What the exercise asks: Reproduce verbatim all of the data given below, but do not carry over the images.

Given material:
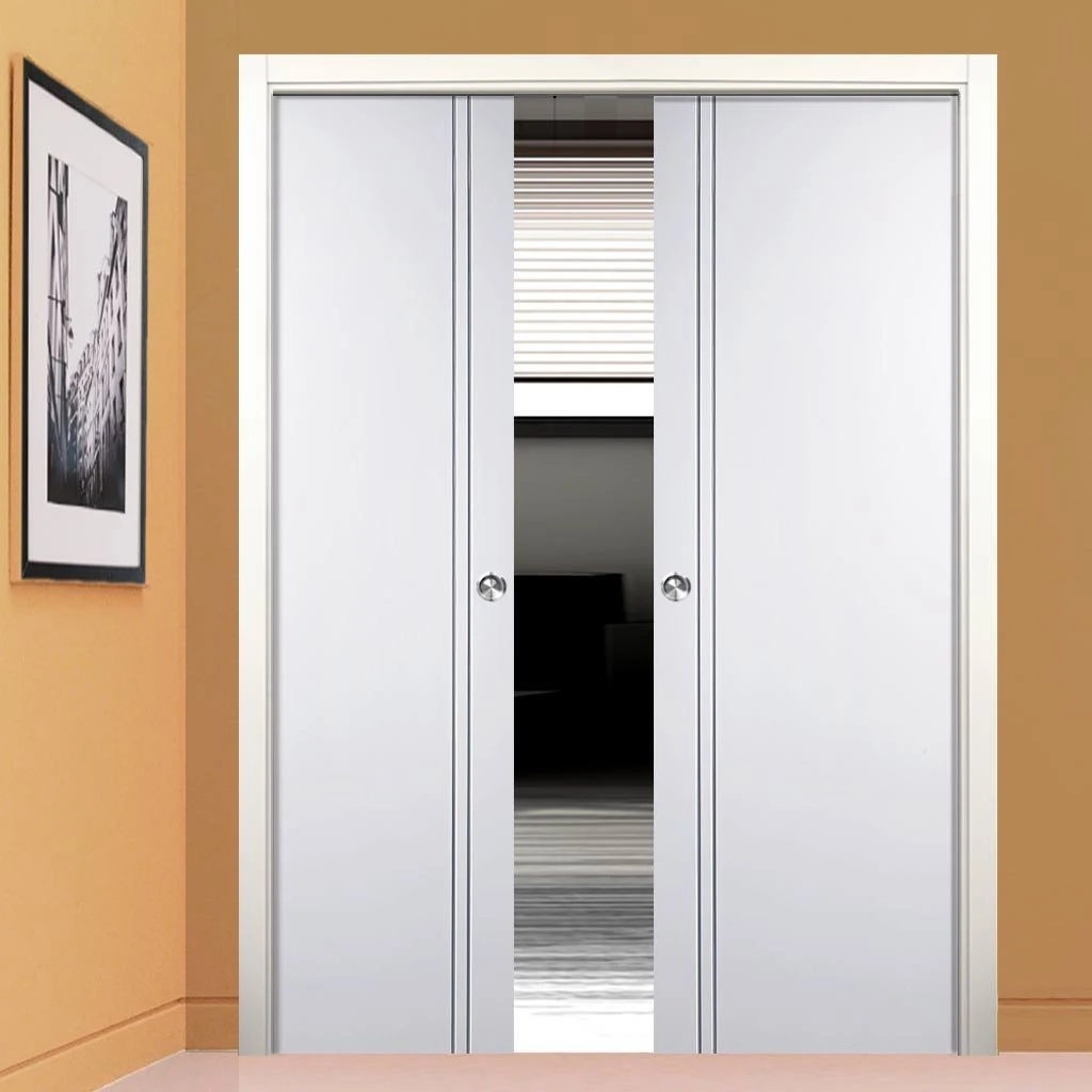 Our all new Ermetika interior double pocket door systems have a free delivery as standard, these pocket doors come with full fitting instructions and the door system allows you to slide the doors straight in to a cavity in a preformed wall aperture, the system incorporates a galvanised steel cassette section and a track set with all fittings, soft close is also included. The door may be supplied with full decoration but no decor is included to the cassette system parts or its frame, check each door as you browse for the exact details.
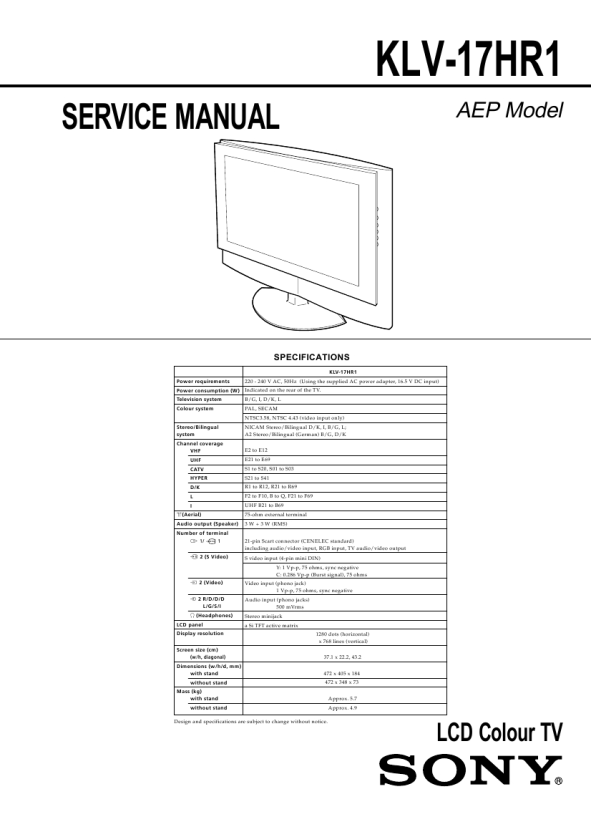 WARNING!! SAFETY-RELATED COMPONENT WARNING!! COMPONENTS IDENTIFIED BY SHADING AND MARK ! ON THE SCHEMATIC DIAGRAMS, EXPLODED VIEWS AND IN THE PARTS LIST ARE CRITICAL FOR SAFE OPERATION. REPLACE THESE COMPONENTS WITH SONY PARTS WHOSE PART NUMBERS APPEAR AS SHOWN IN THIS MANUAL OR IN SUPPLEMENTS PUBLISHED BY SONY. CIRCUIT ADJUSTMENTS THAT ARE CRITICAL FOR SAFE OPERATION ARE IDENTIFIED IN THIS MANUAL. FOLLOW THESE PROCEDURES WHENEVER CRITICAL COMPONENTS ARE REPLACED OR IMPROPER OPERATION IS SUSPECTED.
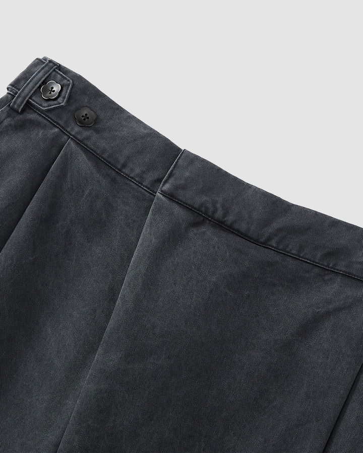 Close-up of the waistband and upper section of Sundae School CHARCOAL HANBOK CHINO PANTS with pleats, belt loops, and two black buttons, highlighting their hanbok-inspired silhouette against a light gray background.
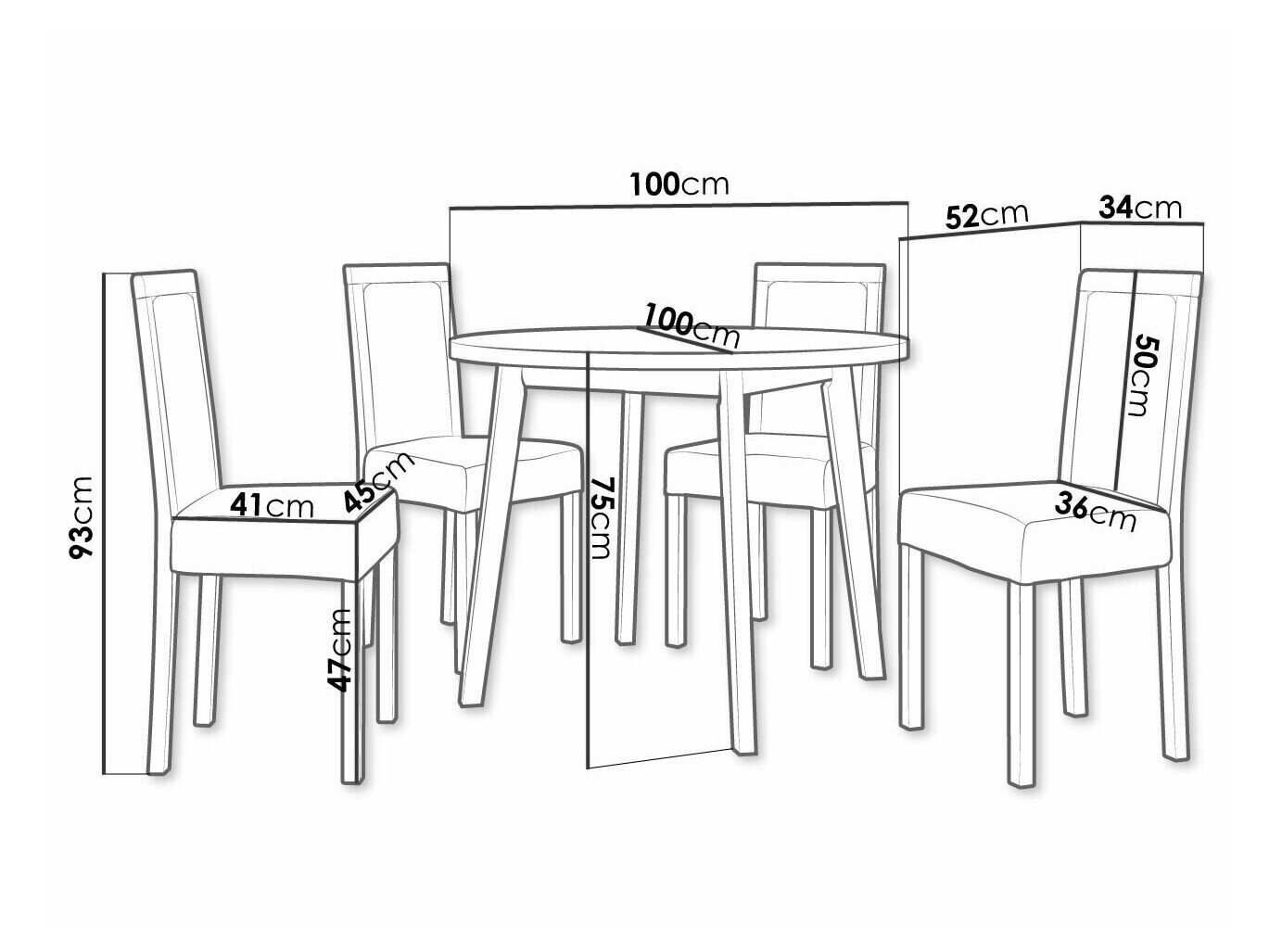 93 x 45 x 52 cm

Exercise answer:
 Our all new Ermetika interior double pocket door systems have a free delivery as standard, these pocket doors come with full fitting instructions and the door system allows you to slide the doors straight in to a cavity in a preformed wall aperture, the system incorporates a galvanised steel cassette section and a track set with all fittings, soft close is also included. The door may be supplied with full decoration but no decor is included to the cassette system parts or its frame, check each door as you browse for the exact details.
 WARNING!! SAFETY-RELATED COMPONENT WARNING!! COMPONENTS IDENTIFIED BY SHADING AND MARK ! ON THE SCHEMATIC DIAGRAMS, EXPLODED VIEWS AND IN THE PARTS LIST ARE CRITICAL FOR SAFE OPERATION. REPLACE THESE COMPONENTS WITH SONY PARTS WHOSE PART NUMBERS APPEAR AS SHOWN IN THIS MANUAL OR IN SUPPLEMENTS PUBLISHED BY SONY. CIRCUIT ADJUSTMENTS THAT ARE CRITICAL FOR SAFE OPERATION ARE IDENTIFIED IN THIS MANUAL. FOLLOW THESE PROCEDURES WHENEVER CRITICAL COMPONENTS ARE REPLACED OR IMPROPER OPERATION IS SUSPECTED.
 Close-up of the waistband and upper section of Sundae School CHARCOAL HANBOK CHINO PANTS with pleats, belt loops, and two black buttons, highlighting their hanbok-inspired silhouette against a light gray background.
 93 x 45 x 52 cm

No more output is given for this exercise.